I'm writing a string parser to do something akin to Patsy

I've got the operators working (:, +, -, /, etc.) but I can't seem to get functions working. I'm only copy-pasting the functions directly related

from ply import yacc, lex


em_data = {'a': ['a1', 'a1', 'a2', 'a2', 'a1', 'a1', 'a2', 'a2'],
           'b': ['b1', 'b2', 'b1', 'b2', 'b1', 'b2', 'b1', 'b2'],
           'x1': [1.76405235, 0.40015721, 0.97873798, 2.2408932, 1.86755799,
                                   -0.97727788, 0.95008842, -0.15135721],
           'x2': [-0.10321885, 0.4105985, 0.14404357, 1.45427351, 0.76103773,
                                   0.12167502, 0.44386323, 0.33367433],
           'y': [1.49407907, -0.20515826, 0.3130677, -0.85409574, -2.55298982,
                                  0.6536186, 0.8644362, -0.74216502],
           'z': [2.26975462, -1.45436567, 0.04575852, -0.18718385, 1.53277921,
                                  1.46935877, 0.15494743, 0.37816252]}

########################################
# define all the tokens we will need
########################################
tokens = (
    # Atomics
    "NAME",  # Feature names
    "NUMBER",  # Numeric numbers

    # Binary Ops
    "RELATIONSHIP",  # y ~ x : end result is a tuple of (y, x)

    # Symbols
    "LPAREN",
    "RPAREN",

    # Functions
    "C"  # Expands vector elements into 1-hot
)

########################################
# Building the regexps
########################################

def t_error(t):
    print("Illegal character '%s'" % t.value[0])
    t.lexer.skip(1)

t_ignore = ' '

# Atomics
t_NAME = r'[a-zA-Z_][a-zA-Z0-9_]*'

def t_NUMBER(t):
    r'\d+'
    t.value = str(t.value)
    return t

t_LPAREN = r'\('
t_RPAREN = r'\)'
t_C = r'C'

########################################
# Define the parser
########################################

lex.lex(debug=True)

precedence = (
    ("left", "RELATIONSHIP"),
    ("left", "C")
)

My parser is then

precedence = (
    ("left", "RELATIONSHIP"),
    ("left", "C")
)


def p_expression_group(p):
    "expression : LPAREN expression RPAREN"
    p[0] = p[2]

def p_expression_number(p):
    "expression : NUMBER"
    p[0] = p[1]

def p_expression_name(p):
    "expression : NAME"
    if p[1] not in em_data:
        raise RuntimeError(f"Term: {p[1]} not found in dataset lookup")

    p[0] = p[1]

def p_error(p):
    print(f"Syntax error at {p.value!r}")

def p_C(p):
    "statement : C LPAREN expression RPAREN"
    print("got in here!")


if __name__ == '__main__':
    s = "C(a)"
    yacc.yacc()
    yacc.parse(s)

Some questions:

  1. Does it matter if I put statement or expression in the p_X regex?
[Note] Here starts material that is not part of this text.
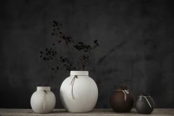 Steinzeugvase von Ernst Kirchsteiger. Fülle sie mit Schnittblumen und schaffe Leben und Freude in deinem Haus. Diese Vase aus Steinzeug eröffnet endlose Möglichkeiten, wunderschöne Blumenarrangements zu kreieren. Die Vase ist mit einem Lederband umwickelt, das einen eleganten und lebendigen Ausdruck verleiht. Die Vase ist in drei Größen und vier Farben erhältlich.

From what I've read, an expression is something that reduces to a single value which, IMO, implies that a statement cannot be reduced to a single value. E.g x = 5 cannot be reduced? In this case, would a list e.g ["x", "x:z", ...] be a statement or an expression? My intuition says it's an expression but I want to be sure

  2. When running all the above code, I run into Syntax error at '('. I'm not sure WHY this is happening. I don't see any reason why it SHOULD

IanQ
  • 1,831
  • 5
  • 20
  • 29
  • 1
    Re #2: *Which* `(`? – Scott Hunter Mar 13 '21 at 18:26
  • I'm really not sure... I ASSUME it's the one in the string, `s`; when I use s without the call to `C` there is no error. I've got debug mode turned on but I'm having trouble understanding the `parser.out` file. Might it help to paste it here? – IanQ Mar 13 '21 at 18:34

1 Answers1

1

You've defined two non-terminals in your grammar: expression and statement. When you call parse it will parse your start rule. If you don't set a start rule explicitly using start = 'rule_name', that will be the first non-terminal you define in your grammar, i.e. expression.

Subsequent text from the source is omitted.